- Activity
Give back exactly the lines that start at the one containing "2、点击节目播放页面,然后点击页面右上角的TV投屏图标。" and run to the end of the material, leaving out the pictures.
Provided material Start Marker
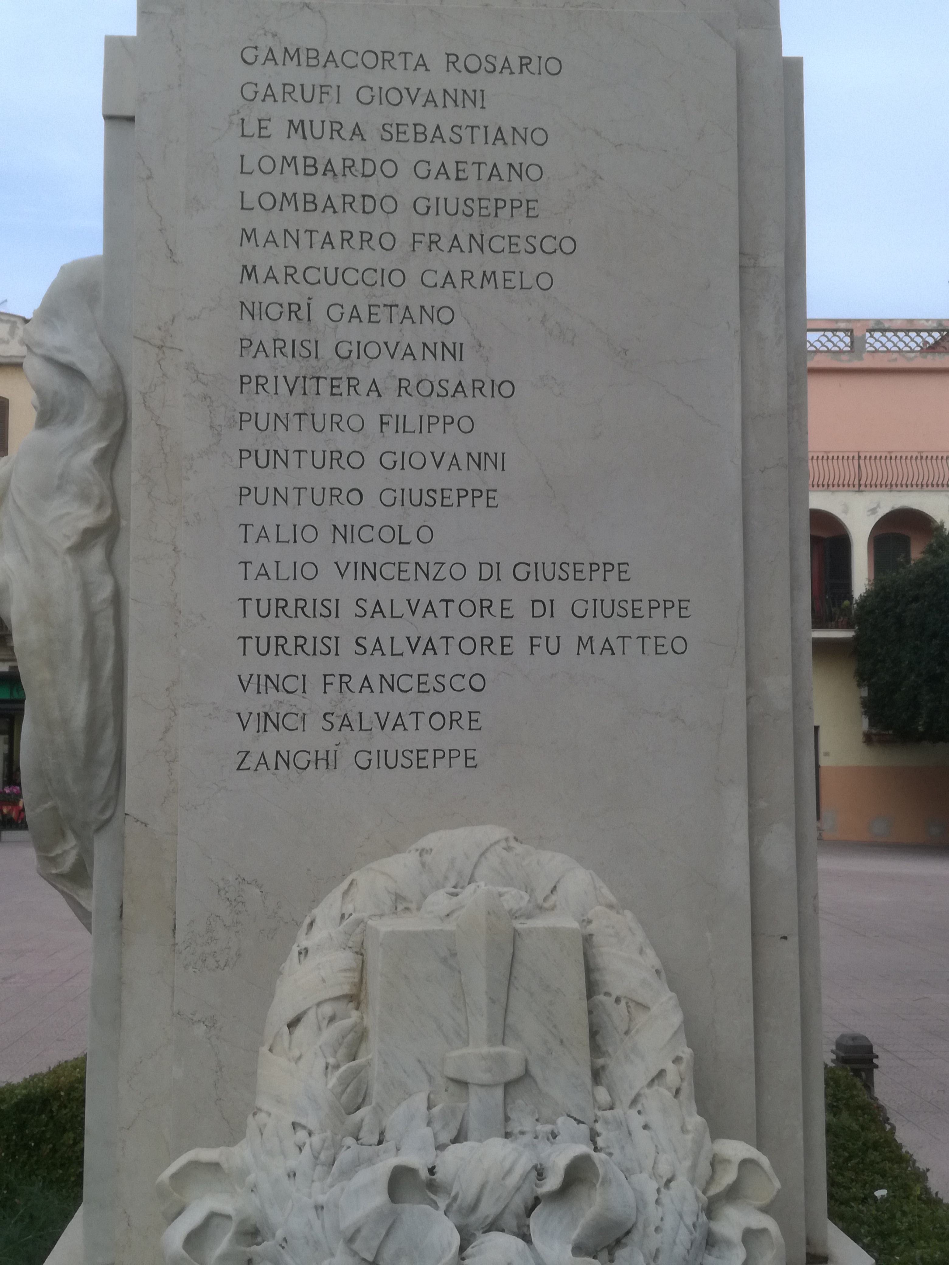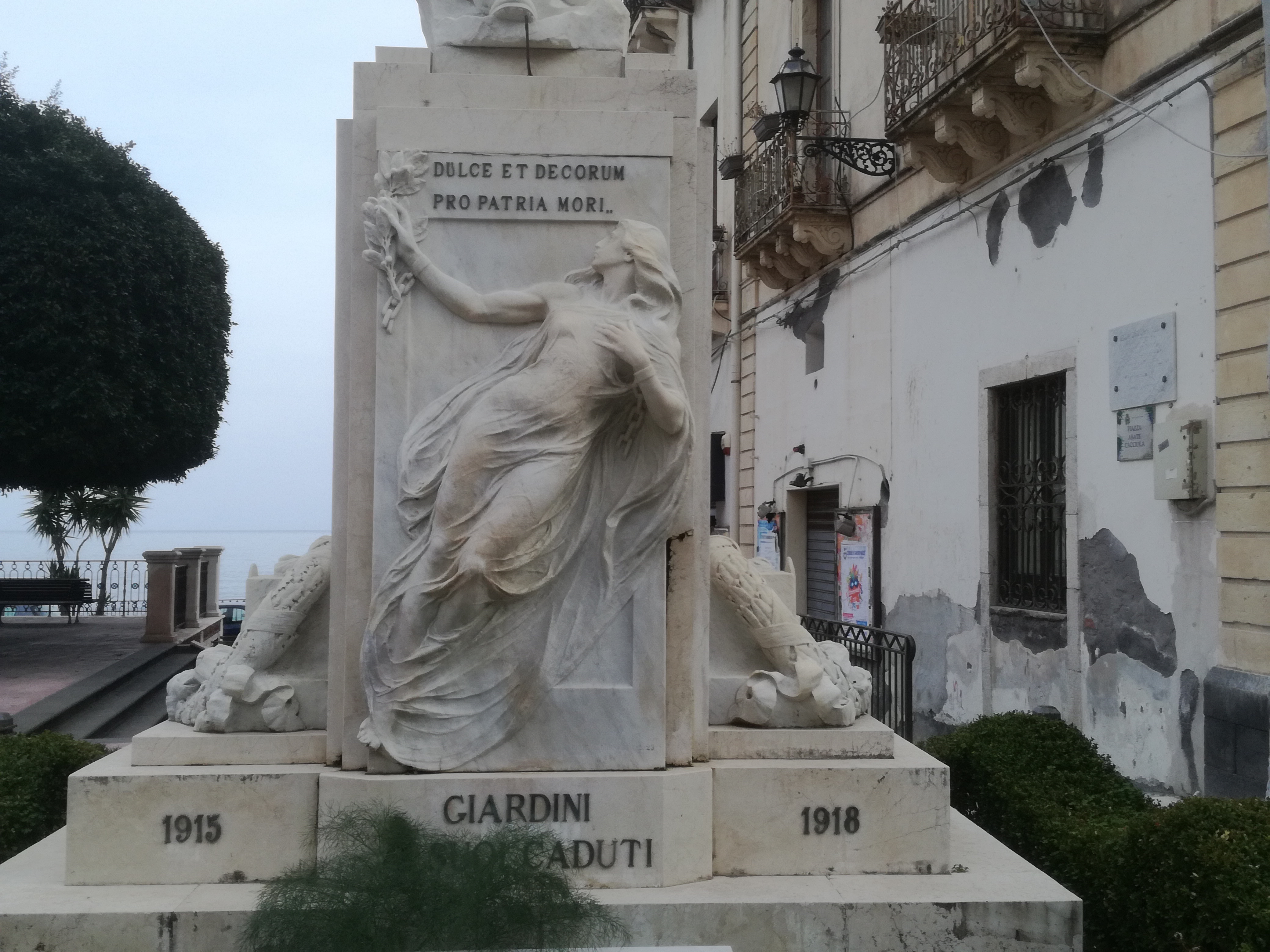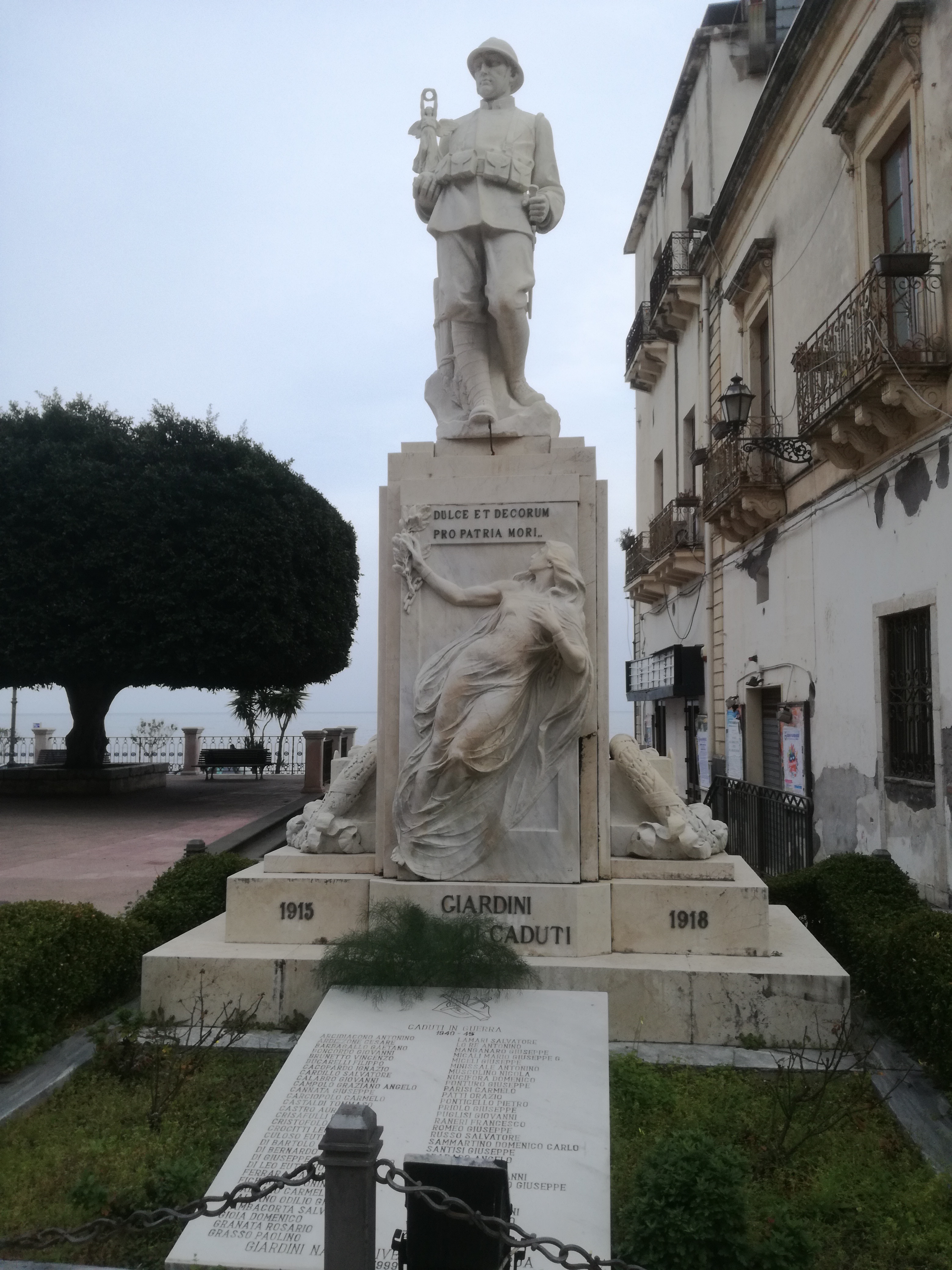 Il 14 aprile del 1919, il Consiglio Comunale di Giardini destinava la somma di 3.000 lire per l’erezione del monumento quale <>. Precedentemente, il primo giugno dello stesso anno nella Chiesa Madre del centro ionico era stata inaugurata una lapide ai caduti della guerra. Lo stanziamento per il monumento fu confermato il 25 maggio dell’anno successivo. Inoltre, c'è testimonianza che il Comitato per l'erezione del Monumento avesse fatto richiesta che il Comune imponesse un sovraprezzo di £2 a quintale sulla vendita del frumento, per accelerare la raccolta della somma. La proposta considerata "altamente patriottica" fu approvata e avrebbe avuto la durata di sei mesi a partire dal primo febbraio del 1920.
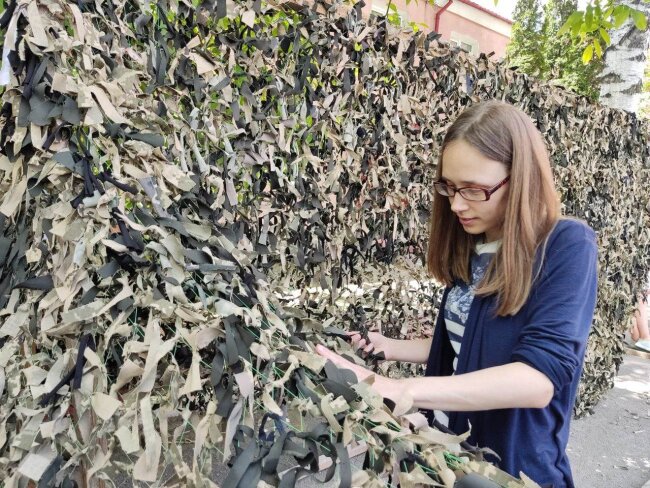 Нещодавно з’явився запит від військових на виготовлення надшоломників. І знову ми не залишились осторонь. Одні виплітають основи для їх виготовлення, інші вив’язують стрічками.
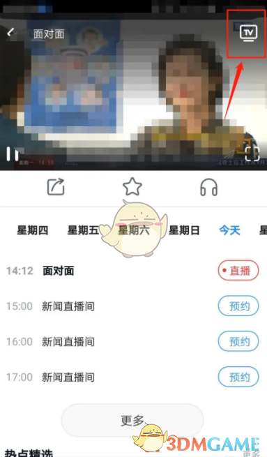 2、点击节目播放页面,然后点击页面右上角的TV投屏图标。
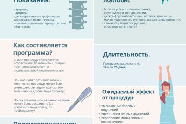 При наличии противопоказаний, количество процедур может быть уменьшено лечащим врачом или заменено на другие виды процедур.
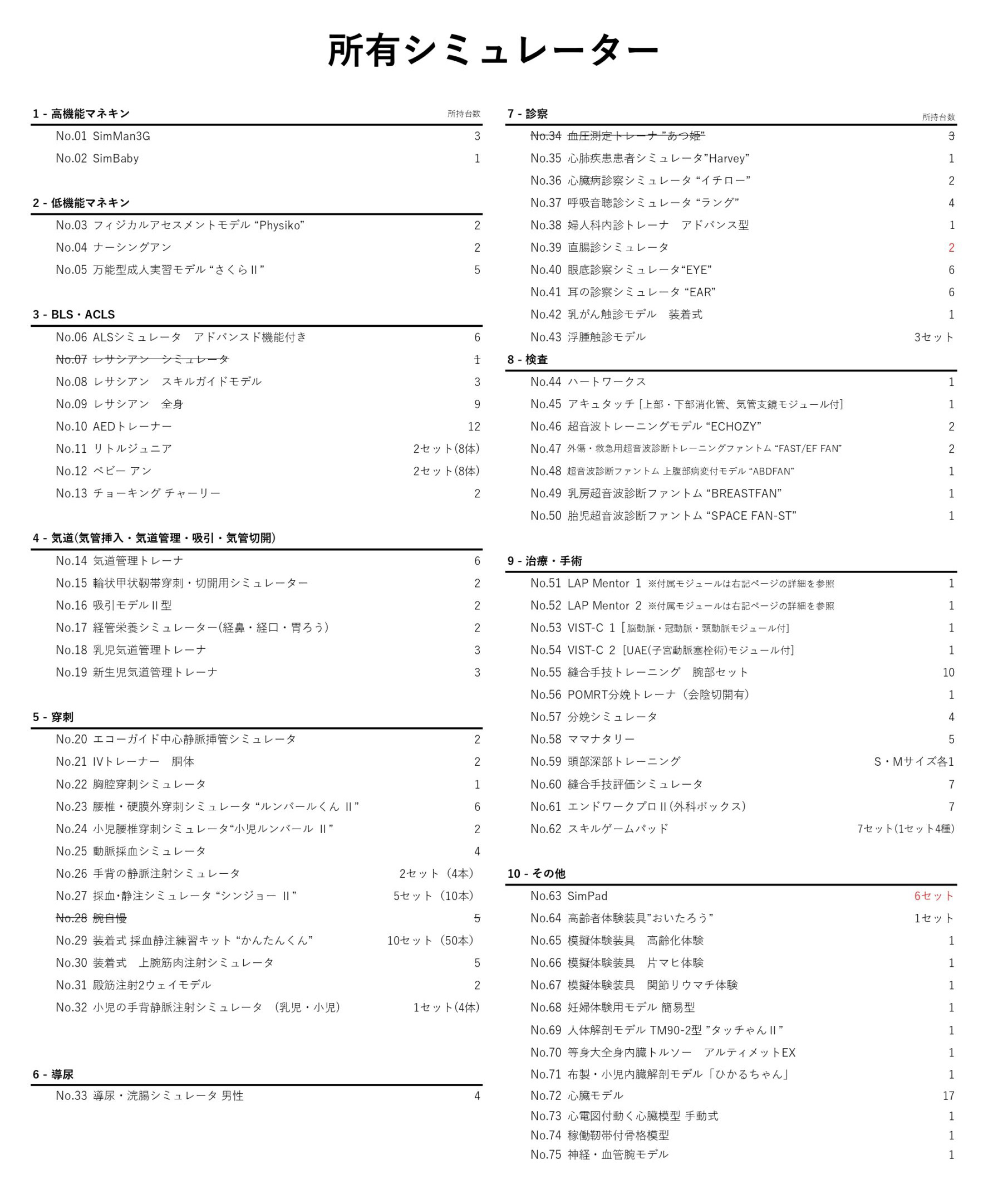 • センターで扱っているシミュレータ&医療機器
Provided material End Marker
- Answer section
 2、点击节目播放页面,然后点击页面右上角的TV投屏图标。
 При наличии противопоказаний, количество процедур может быть уменьшено лечащим врачом или заменено на другие виды процедур.
 • センターで扱っているシミュレータ&医療機器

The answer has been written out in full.